The reason that em0 is 'unmanaged' by NetworkManager is that it's managed by systemd-networkd, which I like much better. Well, also I specifically told NetworkManager not to touch it by setting it as 'unmanaged' instead of 'managed'.
Although I haven't tested, I suspect that NetworkManager applies this restriction to all VPNs and other layered forms of networking, such that you can only run a NetworkManager managed VPN over a network interface that NetworkManager is controlling. I find this quite unfortunate. There is nothing that NetworkManager needs to change on the underlying Ethernet link to run PPPoE or a VPN over it; the network is a transport (a low level transport in the case of PPPoE).
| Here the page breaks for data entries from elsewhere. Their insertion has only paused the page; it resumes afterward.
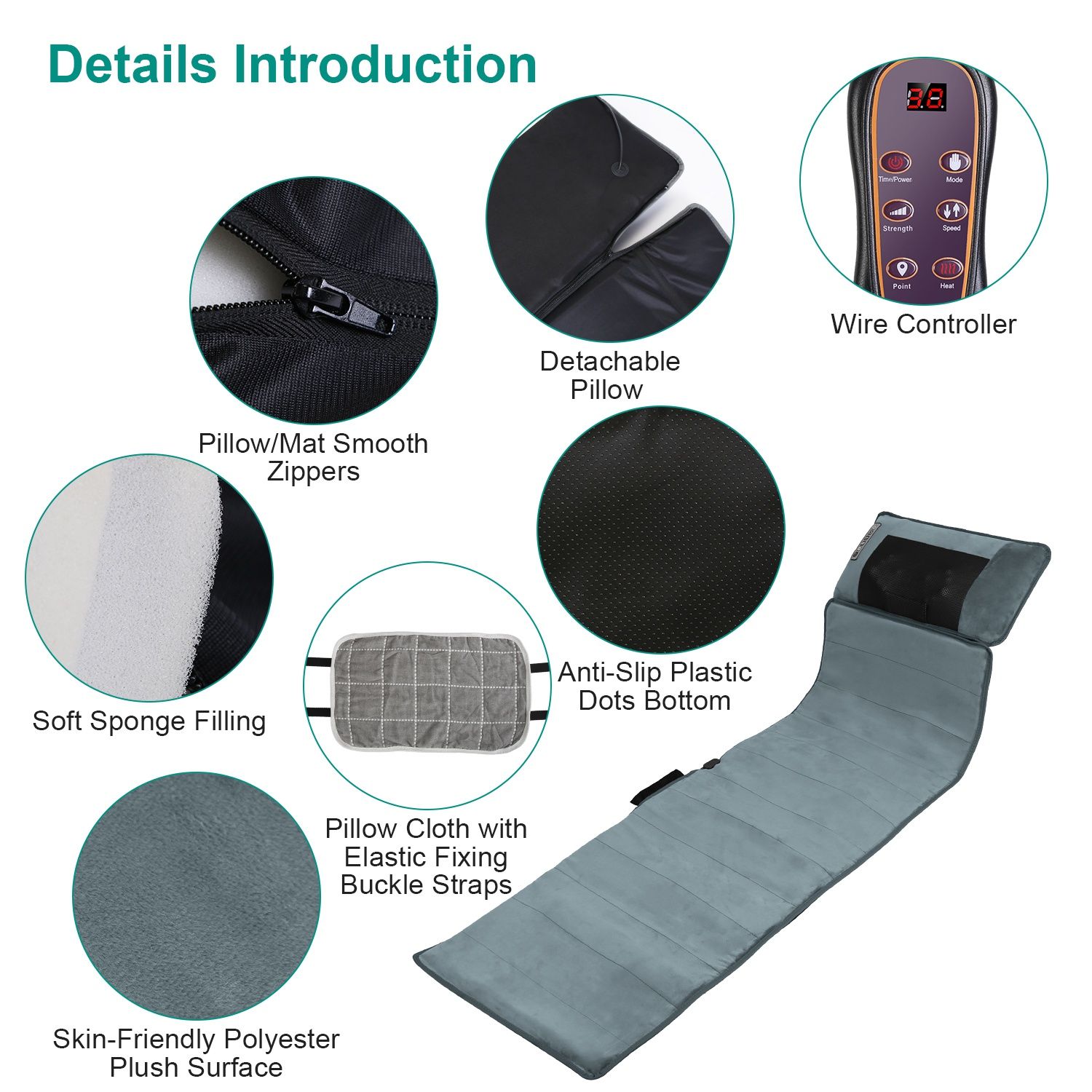 • Full Body Massage Mat: Our massage mat features 10 massage points including Back, Buttock, Waist, Thigh, Calf, and heating therapy function, it’s able to give you a therapeutic massage that helps release tension, stress, and fatigue after a long work day. You can choose 9 designated vibration modes, 9 point-selection vibration modes, and enjoy full control over 9-level vibration intensity and 9-level speeds as you hit all the right spots.
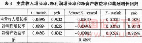 由表4可知,薪酬增长与主营收入增长率、净利润增长率和净资产收益率均不具有显著性增长,回归模型中的R2为0.486%,说明上述三个变量对薪酬增长的解释力较弱。
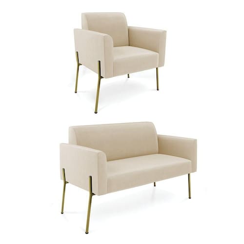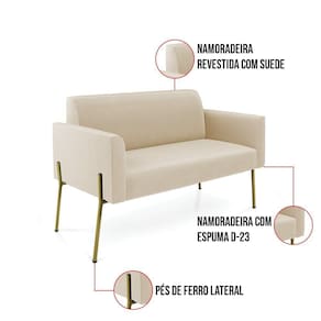 Todo mundo gosta de um ambiente bem decorado, e se for novidade melhor ainda não é mesmo? A D'Rossi, além de entregar beleza, qualidade e confiança aos clientes, ela dispõe das melhores opções em produtos, disponíveis no mercado! Portanto, se você quer um produto sofisticado, opte pelo Sofá Namoradeira e Poltrona. Ele possui um design lindo e sofisticado, com pés de Ferro Lateral Dourado e revestimento em tecido Suede Bege, que harmonizam com qualquer ambiente. Esta mobília fica perfeita na sala de estar, recepções, mesa de jantar ou qualquer outro espaço que você queira decorar com estilo e bom gosto. Ela contém uma estrutura em madeira de reflorestamento eucalipto, que garante a resistência e a sustentabilidade do produto. Ela suporta até 120 kg de peso, podendo ser utilizada por pessoas de diferentes biotipos. Ela tem um acabamento reforçado e espuma de qualidade D-23, garantindo flexibilidade e conforto ao usuário. O Sofá Namoradeira e Poltrona Marisa é um produto de alta qualidade, beleza e funcionalidade. Ele é fácil de transportar, pois tem um peso leve e um tamanho compacto. O Sofá Namoradeira e Poltrona Marisa é ideal, para dar aquele realce que seu ambiente precisa. Tenho certeza que esse móvel é a melhor compra que você irá fazer. Garanta já seu Sofá Namoradeira e Poltrona Marisa e se acomode da melhor maneira possível! Dimensões do Sofá Namoradeira: Altura total: 81 cm Largura total: 114 cm Profundidade total: 64 cm Altura do encosto: 36 cm Largura do assento: 96 cm Profundidade do assento: 48 cm Altura do chão ao assento: 45 cm Espessura do assento: 18 cm Tamanho dos pés: 30 cm Espessura do braço: 9 cm Peso: 21 kg Dimensões da Poltrona: Altura total: 81 cm Largura total: 64 cm Profundidade total: 64 cm Altura do encosto: 36 cm Largura do assento: 47 cm Profundidade do assento: 48 cm Altura do chão ao assento: 45 cm Espessura do assento: 18 cm Tamanho dos pés: 30 cm Espessura do braço: 9 cm Peso: 14 kg Especificações do Produto Estrutura: Madeira Eucalipto Espuma: D-23 Tecido: Suede Tipo de pés: Pés de Ferro Dourado Peso suportado: Até 120 Kg Garantia: 90 dias contra defeito de fabricação Montagem: O produto vai montado, apenas parafusar a base Instruções de limpeza: Utilizar um pano limpo e levemente úmido Você irá receber: 01 Sofá Namoradeira e 01 Poltrona - Entregue em 02 Volumes

I don't know if it's theoretically possible to configure NetworkManager so that an interface is 'managed' but NetworkManager doesn't touch it at all, so that systemd-networkd and other things could continue to use em0 while NetworkManager was willing to run PPPoE on top of it. Even if it's possible in theory, I don't have much confidence that it will be problem free in practice, either now or in the future, because fundamentally I'd be lying to NetworkManager and networkd. If NetworkManager really had a 'I will use this interface but not change its configuration' category, it would have a third option besides 'managed or '(strictly) unmanaged'.
(My current solution is a hacked together script to start pppd and pppoe with magic options researched through extrace and a systemd service that runs that script. I have assorted questions about how this is going to interactive with various things, but someday I will get answers, or perhaps unpleasant surprises.)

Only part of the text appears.